Two U.S. congressmen, Representative Peter DeFazio, D-Ore. and Representative Jason Chaffetz, R-Utah, introduced legislation (HR 6245, the Saving High-Tech Innovators from Egregious Legal Disputes Act, or SHIELD Act), in the U.S. House of Representatives on August 1. The SHIELD Act seeks to dissuade nonpracticing entity patent owners (“NPEs,” or sometimes derogatorily called “patent trolls”) from filing patent infringement lawsuits that do “not have a reasonable likelihood of succeeding” against computer hardware and software companies by awarding costs and attorney fees to the accused infringer. The purported goal of the SHIELD Act is to discourage NPEs from filing “frivolous” lawsuits in the high-tech industry:

“Patent trolls often buy broad patents that allow them to file flimsy lawsuits against multiple companies for infringement.
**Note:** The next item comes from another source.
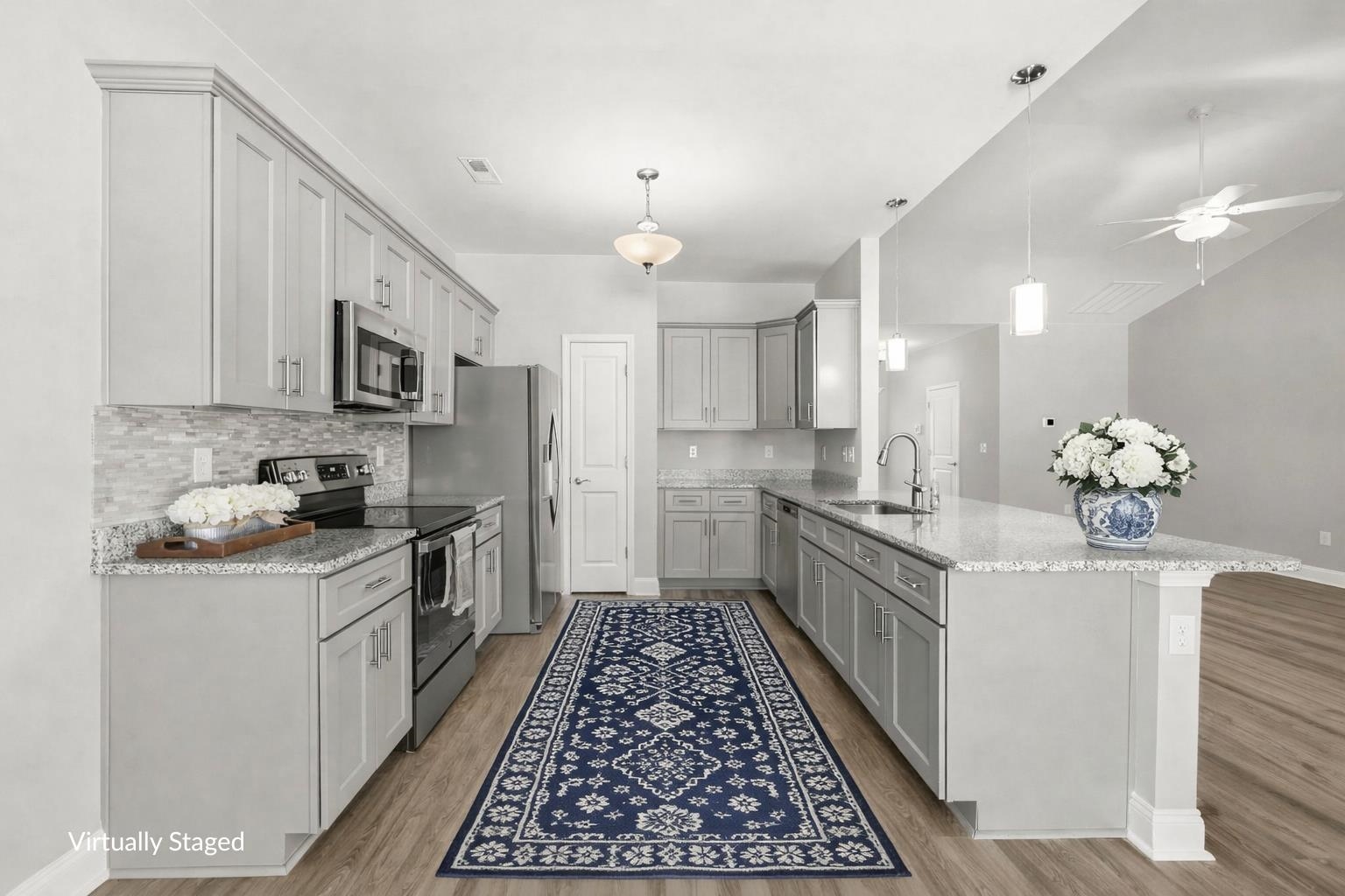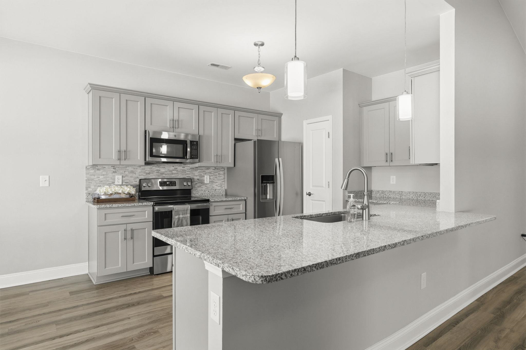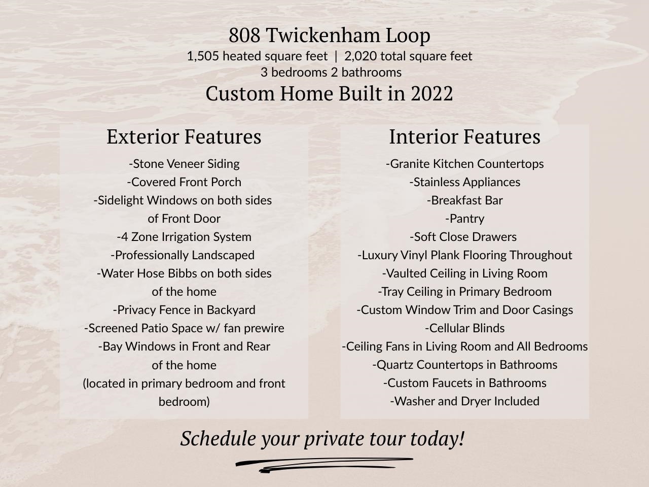 *Fully completed neighborhood- Move right in* This home comes with everything- just bring furniture* Newly built in 2022, this custom home offers the winning combination of fresh construction, refined design, and easy living. What makes it even better' In fifteen minutes, you're at the beach! The home welcomes you with professional landscaping, a stone veneer exterior, covered front porch, and front door framed by sidelight windows, while a four-zone irrigation system, privacy-fenced backyard, screened patio, and water hose bibbs on both sides add everyday functionality. Bay windows in both the front and rear of the home fill the interiors with natural light and add architectural character. Inside, the open-concept layout is anchored by a vaulted living room ceiling and durable luxury vinyl plank flooring that flows seamlessly throughout. The kitchen is designed for both entertaining and ease, featuring Luna Pearl granite countertops, stainless steel appliances, a breakfast bar, pantry, and soft-close cabinetry. Custom window trim, detailed door casings, and cellular blinds elevate the finishes, while ceiling fans in the living room and every bedroom enhance year-round comfort. The primary suite offers a tray ceiling, walk-in closet, and the primary bath offers a step-in shower, complete with quartz countertops and custom faucets. The additional bathroom carries the same elevated finishes. The included washer and dryer make move-in effortless. The spacious two-car garage interior is finished with paint and baseboards. Every detail has been considered, from the craftsmanship to the conveniences, creating a home that feels both polished and practical, inside and out. The home is positioned a few minutes' drive to highway 22 exit, or take highway 90, allowing you to pivot anywhere you need to go easily. Excellent restaurants are minutes away such as Bistro 90, Saltwater Grill and a Dunkin, as well as everything the Greater Myrtle Beach area has to offer! *Some photos are virtually staged for visualization purposes.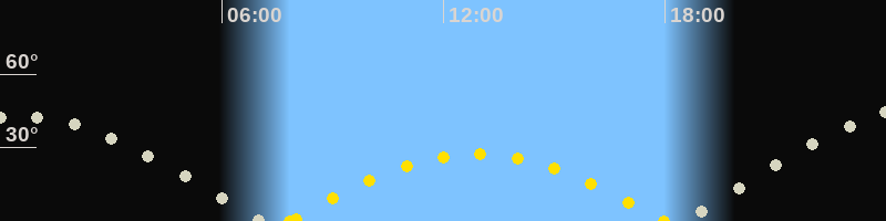 | Höchster Sonnenstand (Kulmination) | 12:54 Uhr (h = 27.4°) |

Despite very thin evidence to back their lawsuits, companies are often forced to settle because going to court can easily cost over $1 million in legal costs, even if the company prevails. Patent trolls most often target software and computer hardware companies. According to a recent Boston University study, patent troll suits cost American technology companies over $29 billion in 2011 alone,” according to a press release from DeFazio regarding the SHIELD Act.